Fraglich bleibt auch, wie Boston den Verlust von Bradley in der Defense kompensieren wird. Smart ist zwar ein ähnlich guter Verteidiger, ist aber auch ein paar Zentimeter kleiner. Im Angriff ist sein Wurf mal da, zumeist aber nicht (29,1 Prozent von Downtown in drei Jahren).

Der Hoffnungsträger der Boston Celtics

Der sehnsüchtig erwartete Star ist da. Kyrie Irving ist das neue Gesicht der Franchise - genau das, was auch der Point Guard nach drei Jahren im Schatten von LeBron James wollte. Nun werden alle Augen auf den 25-Jährigen gerichtet sein. Er muss zeigen, dass er auch ohne einen MVP an seiner Seite ein Team führen kann. In Cleveland gelang dies oft nicht.

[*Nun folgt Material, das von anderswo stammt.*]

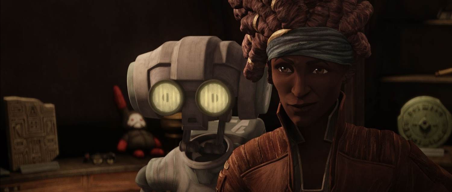 Meanwhile on Pabu, the members of the Bad Batch regroup after the Imperial occupation of the island-planet comes to an end… I’m not sure it makes a lot of sense that the Empire would leave Clone Force 99 alive considering how willing and capable they’ve proven themselves to rescue Omega before. Regardless, they immediately try to come up with a way to find Tantiss, and Crosshair conveniently drops that he may know a way to locate the facility. Apparently he was reluctant to share it before because he didn’t really want to return there, but now that they have Omega again he doesn’t really have a choice. Anyway, Phee Genoa (Wanda Sykes) shows up and offers to take them where they need to go– an Imperial labor camp where the former Vice Admiral Rampart (Noshir Dalal)– who had previously been arrested by Grand Vizier Mas Amedda in season two– is serving time. Sadly it’s not any of the labor camps or prisons we’ve seen on The Mandalorian or Andor, but it still looks like an unpleasant place to live out the rest of your life anyway.

Es ist aber davon auszugehen, dass Irving in der kreativen Offense von Brad Stevens aufblühen wird. Eine teils statische Offensive wie in Cleveland wird es nicht geben. Hier muss sich Kyrie anpassen und beweisen, dass er mehr ist als nur ein reiner Scorer. Kann Irving seine Mitspieler einsetzen, den Rhythmus der Celtics bestimmen, dann ist er auch wirklich ein Superstar.

Und selbst wenn Irving nicht die absolute Dominanz ausstrahlt, die einige von ihm erwarten: Die Celtics haben schließlich nun auch einen Gordon Hayward in der Hinterhand.

Das Fazit

Der Trade von IT hat in Boston für großen Wirbel gesorgt, er wirkte sehr kalt und wenig dankbar. Nüchtern betrachtet war es aber die richtige Entscheidung, auch weil der Gesundheitszustand von Thomas weiter unklar ist. Mit Irving steht nun der gewünschte Superstar in den eigenen Reihen, dessen Potenzial obendrein noch nicht voll ausgeschöpft scheint.

Nebenbei gerät fast in Vergessenheit, dass auch Hayward ein potenzieller Franchisespieler sein könnte und sich mit seiner ruhigen Art voll in den Dienst der Mannschaft stellen wird. Da ist es schon fast vergessen, dass die Celtics im Poker um PG-13 oder Jimmy Butler den Kürzeren zogen.

Es bleibt festzuhalten, dass Boston einen großen Schritt in die richtige Richtung gemacht hat. Die Lücke zu den Cavs wurde geschlossen. Mit dem Rekordchampion ist wieder zu rechnen - und das wohl auf viele Jahre.